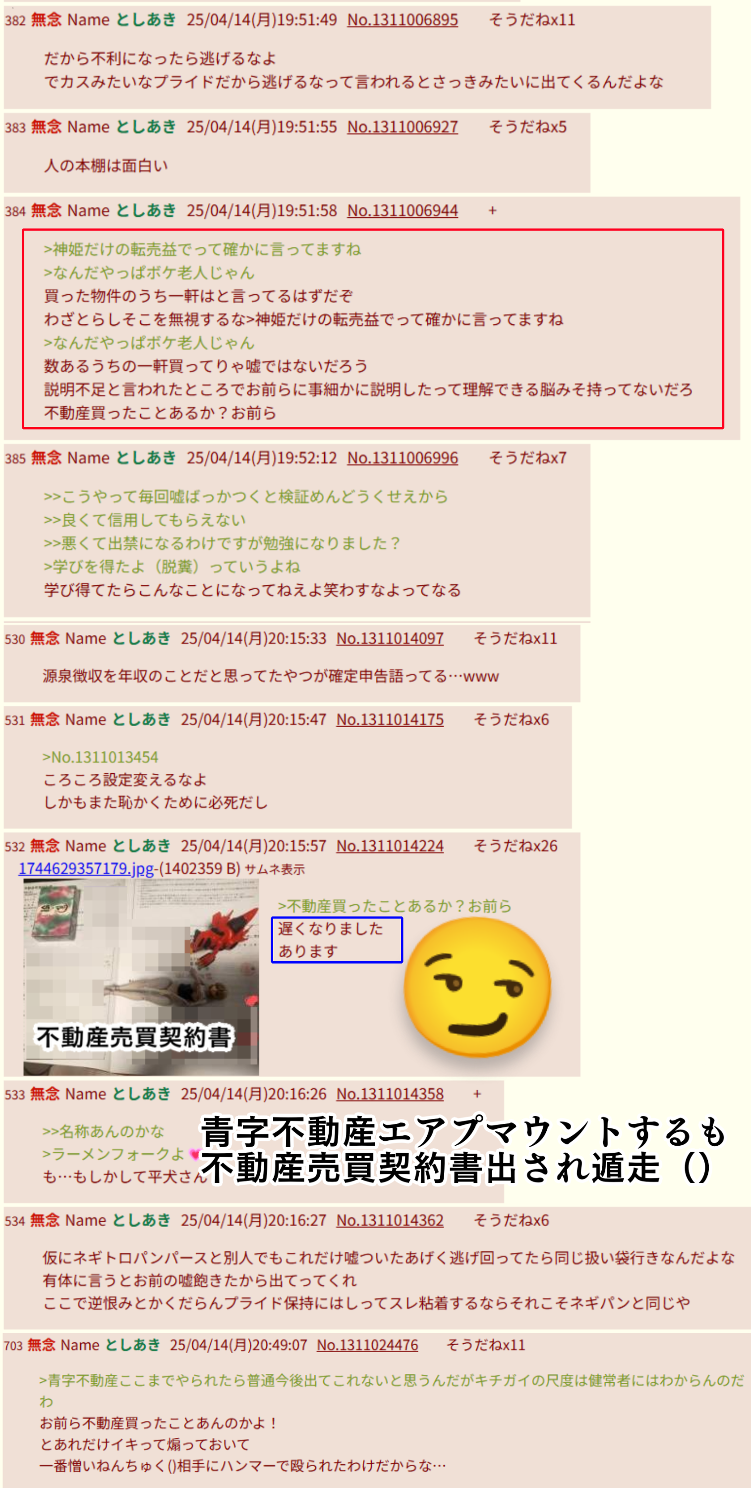 | … | 434無念Nameとしあき26/02/04(水)01:46:41No.1384776265そうだねx4>あえてレスするけど自演もネタ切れも否定はしないのね… |
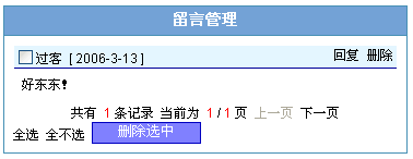 十三、留言及短信 点击左侧的“留言管理”链接即会显示以下页面: |
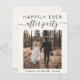 Budget-friendly light cream elopement or private wedding announcement and all-in-one wedding reception invitation. The front features your photo, "Happily Ever After Party" in a mix of simple typography and a stylish script with swashes and your first names and wedding or reception date joined together by a heart. On the back, personalise your marriage announcement and reception invitation, input your wedding website address to create a QR code for guests to scan to see your wedding photos, all the details and to RSVP online, and add your names in a signature-like script. This budget semi-gloss paper is similar in weight to photo paper. A larger 5x7 traditional card stock version is also available (message us for the link).
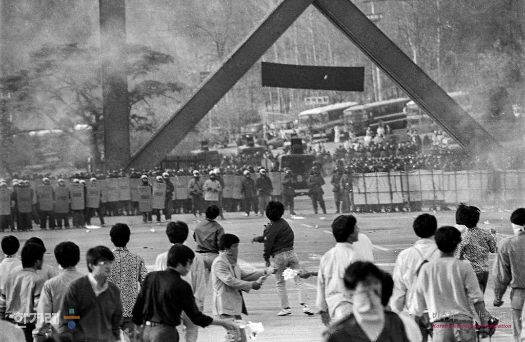 - 1988년 4월 28일 오후1시 서울대 연세대 고려대 등 서울시내 10여개대 대학생 1천 5백여명이 서울대 아크로폴리스광장에서 지난 86년 전방입소반대시위당시 분신자살한 서울대생 김세진 이재호열사의 2주기 추도식을 갖는 뒤 교문밖진출을 시도하다 저지하는 경찰에 맞서 시위를 벌이고 있다.
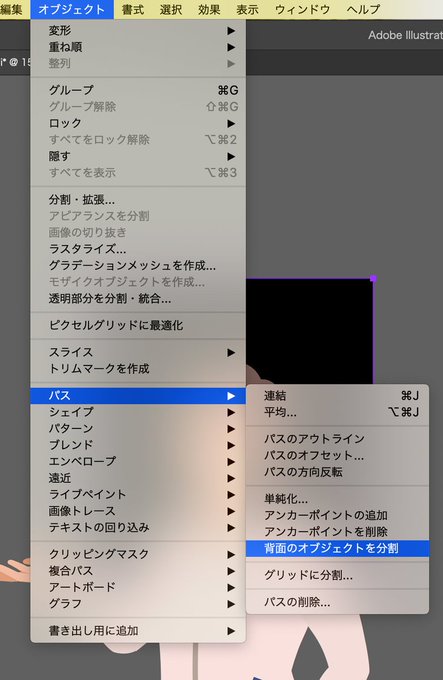 人物のバストアップの作り方 1,切りたいサイズのパスを作成 2,最背面において選択 2,オブジェクト>パス>背面のオブジェクトを分割 3,白い矢印でいらないパスを選択削除 これで完成。 線はアウトライン化してから。 グラデは数値変わるのでパスファインダで。 #イラレ豆知識 #カミキノート
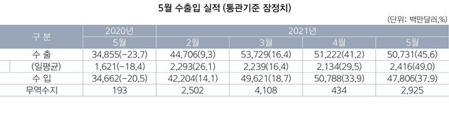 5월 수출액은 45.6% 증가한 507억3000만달러(약 56조4400억원)를, 무역수지는 29억3000만달러로 13개월 연속 흑자를 이어갔다. 5월 수출은 32년 만에 가장 큰 폭을 증가했으며, 2개월 연속 수출이 40%대를 기록한 건 사상 처음이다. 일평균 수출도 49% 증가한 24억2000만달러를 기록, 2018년 이후 처음으로 24억달러를 넘어섰다.
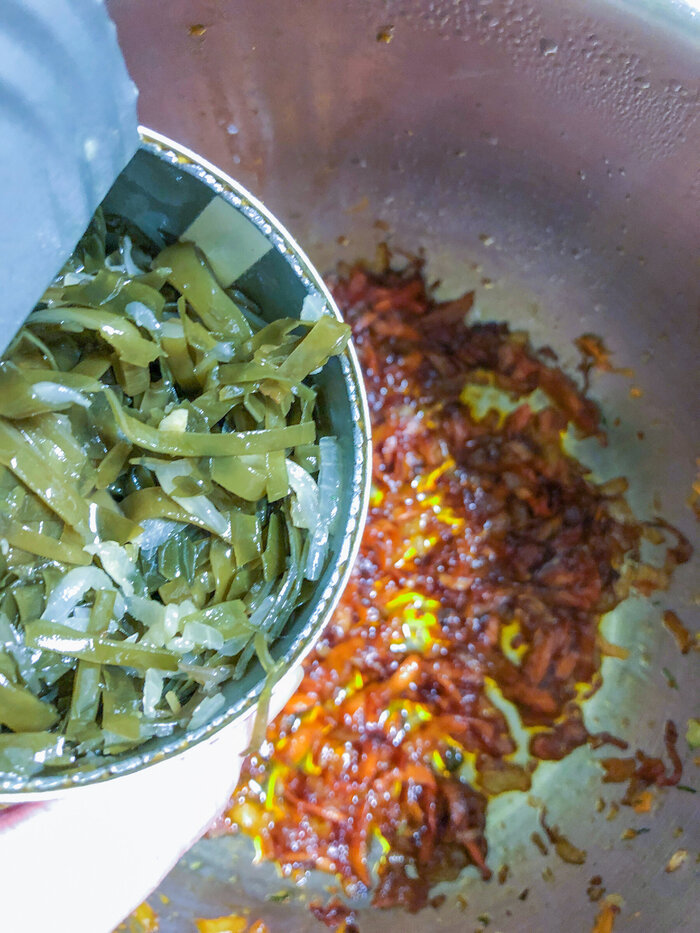 1 банку консервированной морской капусты " салат по дальневосточному"

Your task: Word for word, output the whole listing, but not its pictures.

Response to this task:
 | … | 434無念Nameとしあき26/02/04(水)01:46:41No.1384776265そうだねx4>あえてレスするけど自演もネタ切れも否定はしないのね… |
 十三、留言及短信 点击左侧的“留言管理”链接即会显示以下页面: |
 Budget-friendly light cream elopement or private wedding announcement and all-in-one wedding reception invitation. The front features your photo, "Happily Ever After Party" in a mix of simple typography and a stylish script with swashes and your first names and wedding or reception date joined together by a heart. On the back, personalise your marriage announcement and reception invitation, input your wedding website address to create a QR code for guests to scan to see your wedding photos, all the details and to RSVP online, and add your names in a signature-like script. This budget semi-gloss paper is similar in weight to photo paper. A larger 5x7 traditional card stock version is also available (message us for the link).
 - 1988년 4월 28일 오후1시 서울대 연세대 고려대 등 서울시내 10여개대 대학생 1천 5백여명이 서울대 아크로폴리스광장에서 지난 86년 전방입소반대시위당시 분신자살한 서울대생 김세진 이재호열사의 2주기 추도식을 갖는 뒤 교문밖진출을 시도하다 저지하는 경찰에 맞서 시위를 벌이고 있다.
 人物のバストアップの作り方 1,切りたいサイズのパスを作成 2,最背面において選択 2,オブジェクト>パス>背面のオブジェクトを分割 3,白い矢印でいらないパスを選択削除 これで完成。 線はアウトライン化してから。 グラデは数値変わるのでパスファインダで。 #イラレ豆知識 #カミキノート
 5월 수출액은 45.6% 증가한 507억3000만달러(약 56조4400억원)를, 무역수지는 29억3000만달러로 13개월 연속 흑자를 이어갔다. 5월 수출은 32년 만에 가장 큰 폭을 증가했으며, 2개월 연속 수출이 40%대를 기록한 건 사상 처음이다. 일평균 수출도 49% 증가한 24억2000만달러를 기록, 2018년 이후 처음으로 24억달러를 넘어섰다.
 1 банку консервированной морской капусты " салат по дальневосточному"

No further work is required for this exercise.